ABCOMUNICA
La sala da pranzo dell'hotel Eremito proposto da Giulia Valentina
Giulia Valentina, per chi non la conosce, è una influencer italiana, originaria di Torino, che ha sviluppato una strategia social tutto sommato banale, con tanto di descrizioni dei suoi viaggi e del suo stile di vita, con gli immancabili due cagnolini al seguito, ecc... Il suo profilo Instagram è tuttavia molto seguito perché Giulia insegna i phrasal verbs dell’inglese parlato, commentati nelle sue stories in modo ironico e geniale.
Mi sono imbattuto nel suo profilo perché con una serie innumerevole di piccole stories, Giulia è andata in un hotel molto particolare. Si chiama Eremito e si trova nelle bellissime terre di San Francesco.
Come dice il nome, quest’hotel era infatti un monastero, con cellette spoglie, statua di santo all’ingresso e campana sul portone al posto del campanello.
Questo edificio che una volta fu sacro, l’ha acquistato un ricco signore, che lo ha trasformato in un hotel alternativo, lasciando intatta la sua struttura originaria.
L’hotel si propone ai “Solo-Travel”, quindi a chi viaggia senza compagnia. Del resto c’è spazio nelle celle solo per un letto da una piazza e mezzo e anche due fidanzati si troverebbero un po’ strettini.
La cosa interessante per noi è che tutto l’hotel è stato pensato come un’esperienza di digital-detox, ossia come un modo per staccarsi dal dominio dei social.
Lì lo smartphone prende poco, ma ciascuno si deve regolare da sè per lasciarlo spento, se vuole vivere appieno l’esperienza.
Ciò che affascina i visitatori è il clima che si respira: dappertutto si sente in sottofondo il canto gregoriano; ci sono cuscini ovunque e libri, dove ciascuno può ricavarsi lo spazio di silenzio per meditare. Esiste persino una vasca jacuzzi e un bagno turco.

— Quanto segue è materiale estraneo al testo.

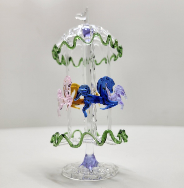 • Carrossel em vidro artístico Murano Delicada escultura em vidro artístico de Murano, representando um carrossel com cavalos coloridos, executada com notável precisão artesanal. A estrutura translúcida é adornada por bordas onduladas em verde, sustentando delicadas figuras de cavalos em tons de âmbar, lilás e azul, modeladas à mão com transparência e movimento fluido. A composição expressa a leveza e o encanto do vidro soprado veneziano, evocando o universo lúdico e nostálgico dos antigos carrosséis. Altura: 15 x 7 centímetros.
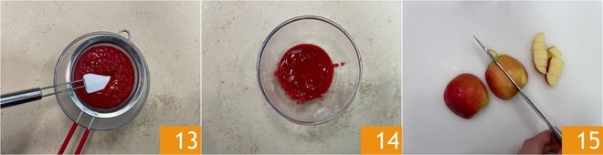 Coe o molho obtido com uma peneira 13, então reserve 14. Agora prepare o de maçã: lave-as, retire o miolo e corte-as em cubos 15.

Alla sera si accende il falò e con delle sdraio si socializza con gli altri ospiti sorseggiando tisane alle erbe.
Giulia Valentina ne parla con l’entusiasmo alle stelle: racconta, udite udite, che a cena si sta in silenzio... nessuno parla mentre mangia e questo creerebbe, così dice, un’esperienza fantastica.
Ebbene: chi è mai stato in un monastero vero, sa che queste cose la Chiesa le ha proposte da millenni a qualsiasi visitatore, sia uomo che donna, in tempi dove solo ai ricchi era permesso godere di accoglienze simili.
I monasteri di Occidente e Oriente offrivano il detox a tutti, con accoglienza degna di un principe anche ai visitatori senza soldi. Ogni soldato o contadino, lasciava fuori il suo mondo e si godeva qualche giorno di vera pace. Di detox diremmo oggi.
Com’è allora che una influencer nel 2020 scopre l’acqua calda e ne diffonde il messaggio, al punto che ora l’hotel Eremito, se vuoi prenotare una stanza, non ha più posti liberi fino al 2021?
La Chiesa ancora una volta non solo non ha saputo comunicare anche questo messaggio che aveva nel suo scrigno, ma ha disastrosamente creduto, in questi anni, di dover aggiornare quella proposta con contenuti che riteneva più moderni e più appetibili.
Peccato che oggi tutti cercano proprio quello schema di vita che lei conservava un tempo.
Cena in silenzio? Vetustità medievale.
Canto gregoriano? Meglio il canto di uccelli in mp3 o una musica new-age da Spa di un hotel a tre stelle.
Cella singola? Meglio le camere da sposi nella nuova foresteria con arredamento moderno, armadio e acqua calda.
Insomma, se perfino Giulia apprezza la quiete e l’essenzialità monastica, benché rivisitata e laicizzata in quel modo, forse c’è un immenso pubblico disposto persino a pagare per avere quel che la Chiesa aveva già pronto.
Forse occorrerebbe ascoltare di più la domanda del mondo moderno e non pensare di sapere già la risposta in base al nostro prodotto già confezionato e bell’e pronto.
Riformulare la proposta in base alle vere domande dei clienti è uno dei principi centrali del marketing. La Chiesa lo aveva già sempre fatto fino agli anni ‘60. Poi ha deciso che il suo contenuto non andava più bene e ha deciso di venderlo al mondo pagano. In mano agli imprenditori, l’eremitaggio è diventato così addirittura un mito, un “Ere-mito”.
Ancora una volta, la Chiesa avrebbe bisogno di marketing. Ma proprio tanto.